## [WHAT YOU SHOULD DO]
Exactly the lines from the beginning of the listing below through the line that contains "Qpi has the" should be transcribed, and pictures must stay out.

## [DATA SEGMENT]

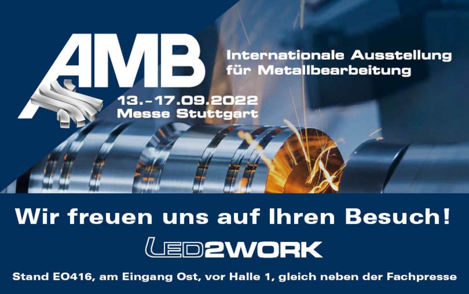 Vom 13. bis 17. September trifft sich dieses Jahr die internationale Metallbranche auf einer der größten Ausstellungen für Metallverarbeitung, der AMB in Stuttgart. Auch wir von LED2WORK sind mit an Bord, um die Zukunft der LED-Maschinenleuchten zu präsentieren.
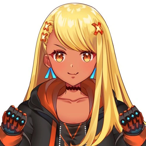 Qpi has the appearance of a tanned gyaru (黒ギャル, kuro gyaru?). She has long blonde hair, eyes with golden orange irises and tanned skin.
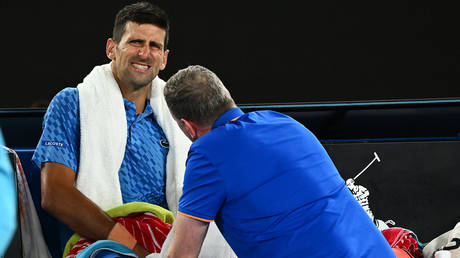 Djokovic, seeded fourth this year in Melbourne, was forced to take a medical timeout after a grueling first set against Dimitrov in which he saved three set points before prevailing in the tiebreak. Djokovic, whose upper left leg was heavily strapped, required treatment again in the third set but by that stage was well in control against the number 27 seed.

## [ANSWER AREA]
 Vom 13. bis 17. September trifft sich dieses Jahr die internationale Metallbranche auf einer der größten Ausstellungen für Metallverarbeitung, der AMB in Stuttgart. Auch wir von LED2WORK sind mit an Bord, um die Zukunft der LED-Maschinenleuchten zu präsentieren.
 Qpi has the appearance of a tanned gyaru (黒ギャル, kuro gyaru?). She has long blonde hair, eyes with golden orange irises and tanned skin.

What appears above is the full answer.